Starting with the line below that holds "素足で絨毯の密度を感じること" and stopping after the line that holds "3. Docinamy wstążeczki", transcribe the lines exactly, leaving out all pictures.

*** Block opens ***

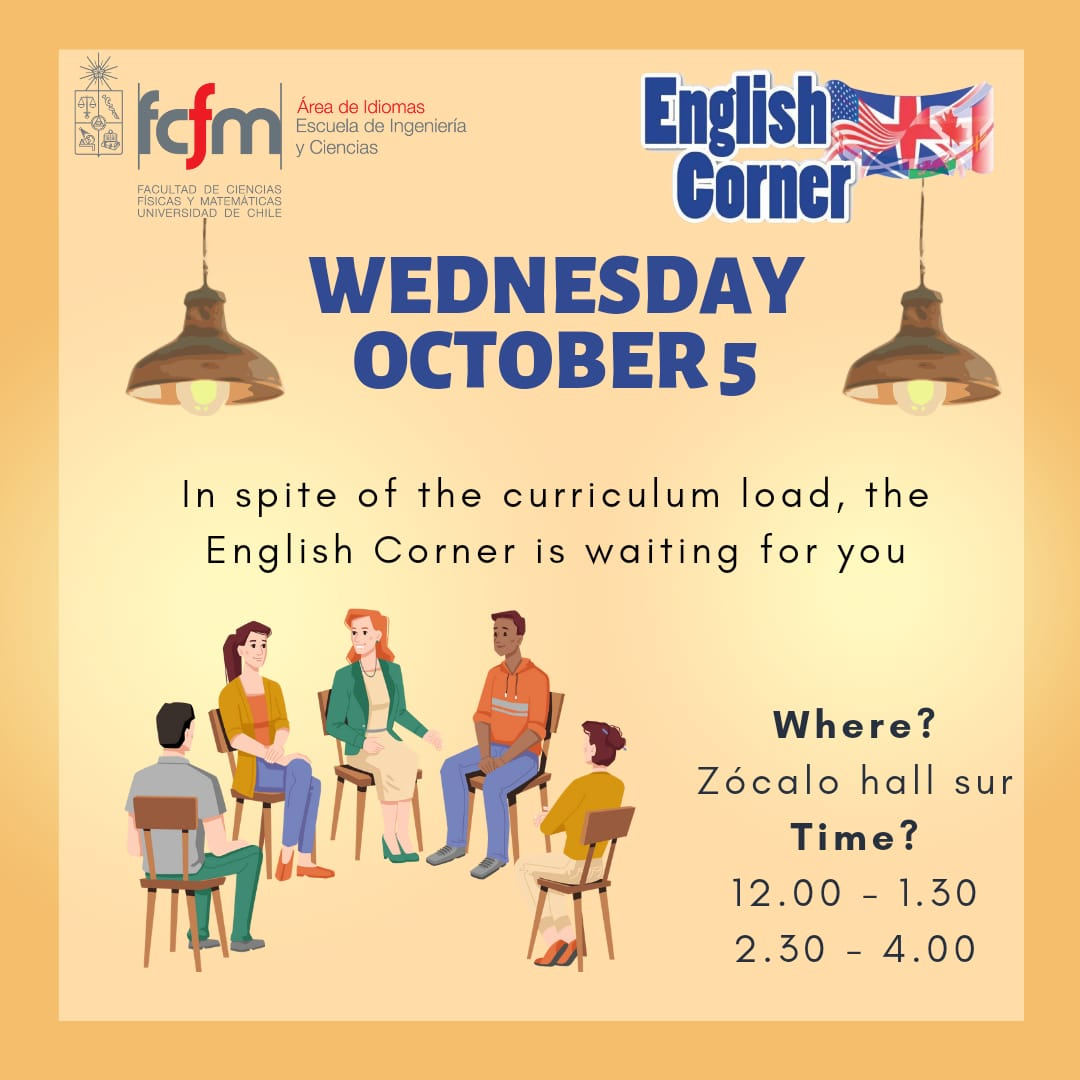 (Beauchef 850, Santiago, Chile)Sesión semanal en que las y los estudiantes encuentran un espacio seguro para conversar sobre diversas temáticas de actualidad (organizadas de acuerdo a sus intereses) y participar en juegos, actividades virtuales y karaokes, entre otros. Cada sesión tiene una duración de tres horas divididas en dos bloques, con dos tutores por cada bloque (estudiantes de la Escuela) a cargo del acompañamiento y monitoreo, guiando las conversaciones y fomentando la interacción entre los y las participantes más allá de su nivel de inglés.
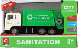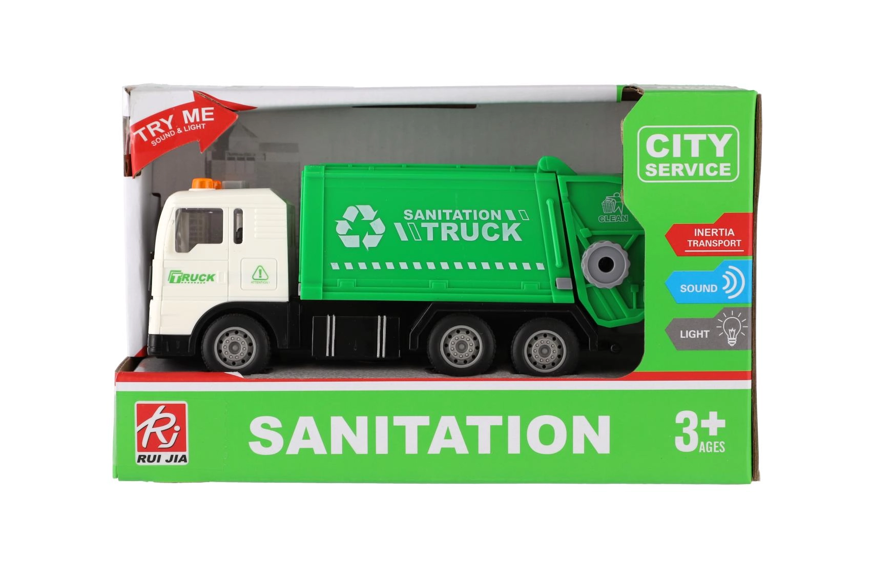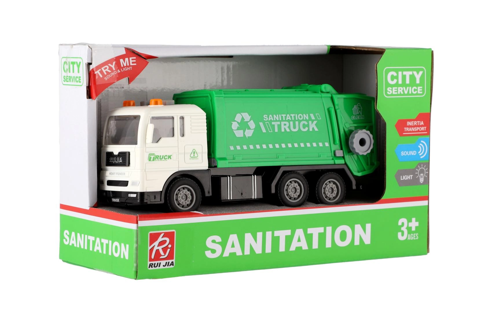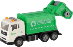 Elegante camión de basura para pequeños conductores que ofrece diversión realista gracias al mecanismo de fricción, luces tipo baliza y efectos de sonido. A escala 1:32, cuenta con un contenedor abatable y con apertura, para que los niños puedan vivir el verdadero trabajo de los recolectores de basura. Las pilas AG13 están incluidas en el paquete, por lo que el juego puede empezar de inmediato.
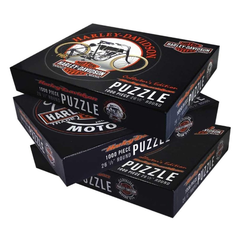 Harley-Davidson Motor Oil Round Puzzle, 6022D. This puzzle is fun for the whole family. Comes with 1000 jigsaw puzzle pieces. Finish puzzle size is 26.5" round. Puzzle image features a iconic Genuine Motor Oil Bar & Shield logo.
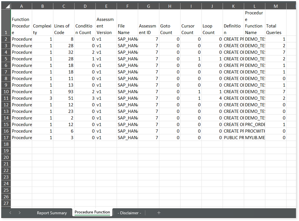 Assessment Procedure Function.xlsx: This report provides information about functions along with statistical information about conditions, goto statements, complexity, and more.
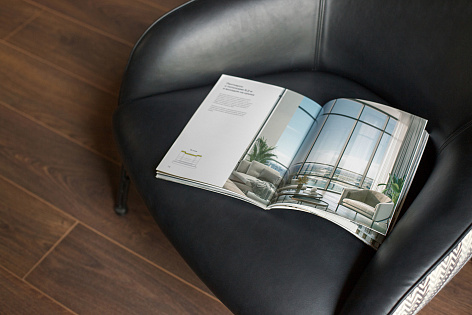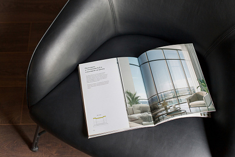 В буклете мы показали современную архитектуру фасадов, особенности благоустройства территории, и самое важное, расставили акценты на компонентах концепции «все включено». На 160 000 кв. м появятся апартаменты и офисы комфорт-класса, улица баров и ресторанов, бьюти-кластер, термы с бассейнами, фитнес-центр 24/7, ТЦ и многое другое. Буклет последовательно повествует об уникальной возможности жить по нажатию кнопки лифта, максимально оптимизируя свое время.
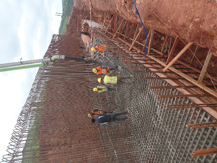 The image depicts an active construction site in Fdalate, Morocco, under an overcast sky. Six individuals, identified as male construction workers, are observed within the frame. Five workers wear yellow hard hats and high-visibility safety vests (three orange, two yellow-green). One worker in the foreground left wears a dark jacket and grey trousers, without a visible hard hat or vest. The central activity involves the pouring of wet concrete from a large green and black pump hose, which extends downwards from an unseen concrete pump truck. The concrete is being deposited into a prepared area consisting of a dense, rectangular grid of steel reinforcement bars (rebar), forming a foundation or slab. Adjacent to this pouring area, on the left, a tall, extensive wall of vertical rebar rises from a reddish-brown earth embankment, indicating the construction of a substantial retaining wall or structural element. On the right side of the concrete pouring zone, a wooden formwork structure is in place, defining the boundary of the concrete pour. This formwork is supported by wooden bracing within an excavated trench of reddish-brown soil. A blue hose and various dark cables are visible near the wooden formwork. The surrounding environment consists of exposed reddish-brown soil, forming embankments and excavated trenches. In the distant background, hilly terrain covered with green vegetation is visible.
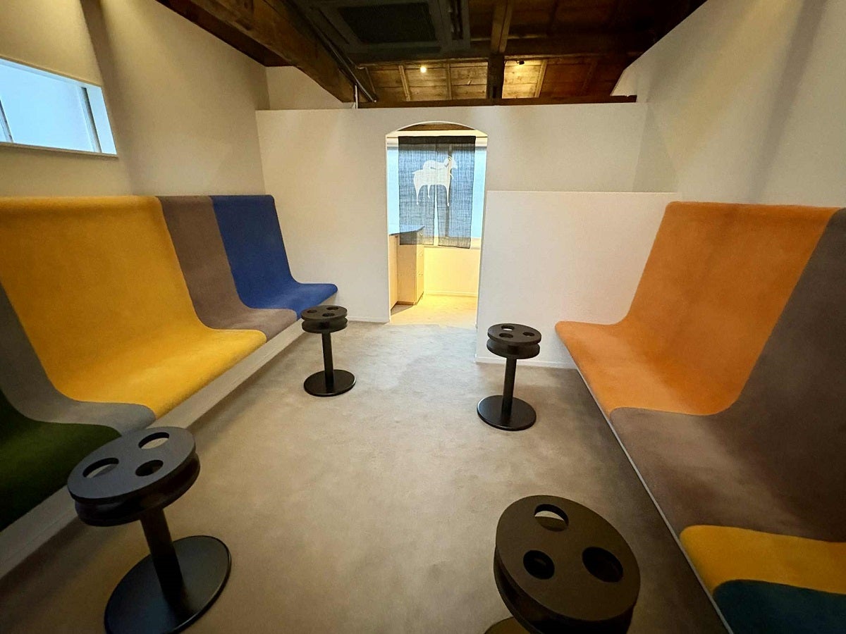 素足で絨毯の密度を感じることのできる、休憩室。夏は涼やかに、冬は床暖房の上でも使用可能
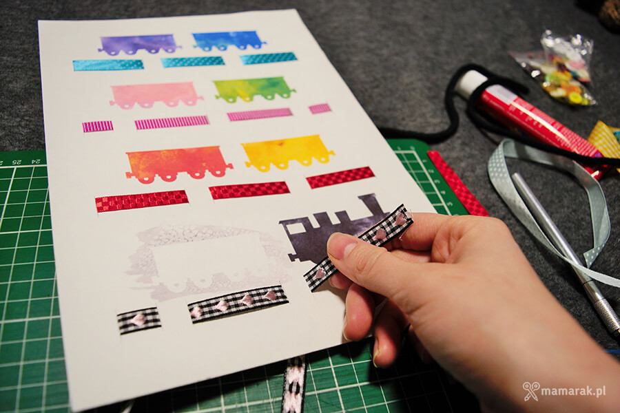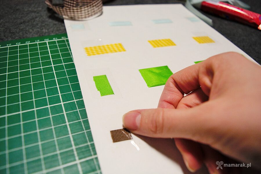 3. Docinamy wstążeczki i podklejamy je od tyłu taśmą.
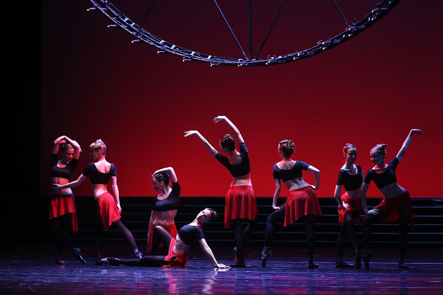 Следуя канону, Ратманский ставит своей Золушке антре, расчищая сцену от персонажей, как и полагается перед выходом балерины. Но на пустой сцене Золушка просто стоит, закрыв лицо руками, затем осторожно ощупывает шагами пространство, то и дело вжимаясь в колонны. В доме мачехи героиня одета в гетры, тунику и теплую кофту — как балерина для утреннего урока. В доме мачехи пространство стиснуто легкими многоярусными металлическими кубами, пересеченными лестницами и рейками. Старинная история неузнанной, не могущей самостоятельно выразить себя красоты (прекрасного лица не разглядеть за сажей, песенку Золушки слышат только кухонные котлы, а душевную отзывчивость путают с услужливостью домашней рабыни) представлена как история стесненности пространством. Пресловутая Золушкина застенчивость (или гордость, как в пьесе Евгения Шварца) выглядит как боязнь пространства. Танец, плотно свитый, почти не сходя с места, напряженно и трудно раскручивается во всю ширину сцены. Так это было в «Среднем дуэте» — микробалете Ратманского на музыку Юрия Ханона. Теперь это происходит в партии Золушки. И так же, как в «Среднем дуэте» за действием наблюдали черный и белый ангелы с громадными мохнатыми серпами крыльев, в «Золушке» наблюдают за героиней разноцветные эльфы времен года. И так же, как в «Поцелуе феи», посланники фантастического мира деловито и невзначай шныряют среди людей, расслаивая реальность, как это бывает в снах.

*** Block closes ***

» Response below:
 素足で絨毯の密度を感じることのできる、休憩室。夏は涼やかに、冬は床暖房の上でも使用可能
 3. Docinamy wstążeczki i podklejamy je od tyłu taśmą.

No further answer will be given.